Synthesis of magnetic carbon nanodots for recyclable photocatalytic degradation of organic compounds in visible light

Abstract

In this study, magnetic carbon nanodots (C-dots) were synthesized by connecting C-dots and magnetic Fe3O4 nanoparticles (so called magnetic C-dots) in seeking to understand the photocatalytic activity under visible light and the recyclable ability in wastewater treatment. All of the samples were synthesized by bottom-up procedure at reaction temperatures (Tr) of 140 °C and 180 °C with different reaction times (tr = 0–18 h).
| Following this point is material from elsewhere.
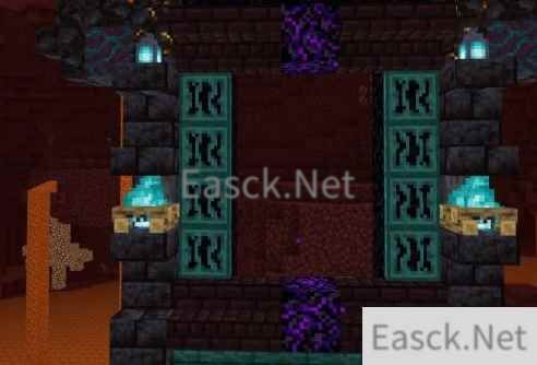 最后使用打火石,在黑曜石中间点一下,就出现传送门的紫色图案啦。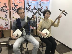土曜日の午後に三味線に関心を持つ女性が三味線体験にいらして下さいました。

The results indicated that the C-dots gradually attached to Fe3O4 nanoparticles with the increase of tr at Tr = 140 °C, but suddenly approached saturation adsorption on Fe3O4 particles at Tr = 180 °C. Microstructural images confirmed that magnetic Fe3O4 nanoparticles were surrounded by C-dots 5–10 nm in size. Optical properties illuminated that magnetic C-dots presented a red-shifted emission at λ = 300–450 nm attesting to their photocatalytic ability in visible light. In this study, a higher extent of degradation of the dye was noted in a larger amount of C-dots on a Fe3O4 nanoparticle surface. Methylene blue (MB) concentration can be decreased by 83% within 30-min visible light irradiation. A recyclability test evidenced that the magnetic C-dots can further photodegrade large MO concentrations by at least 10-fold or more. Therefore, magnetic C-dots exhibit good degradation ability for MB under visible light, and could be easily recycled by applying a magnetic field after photodegradation, as shown in this study.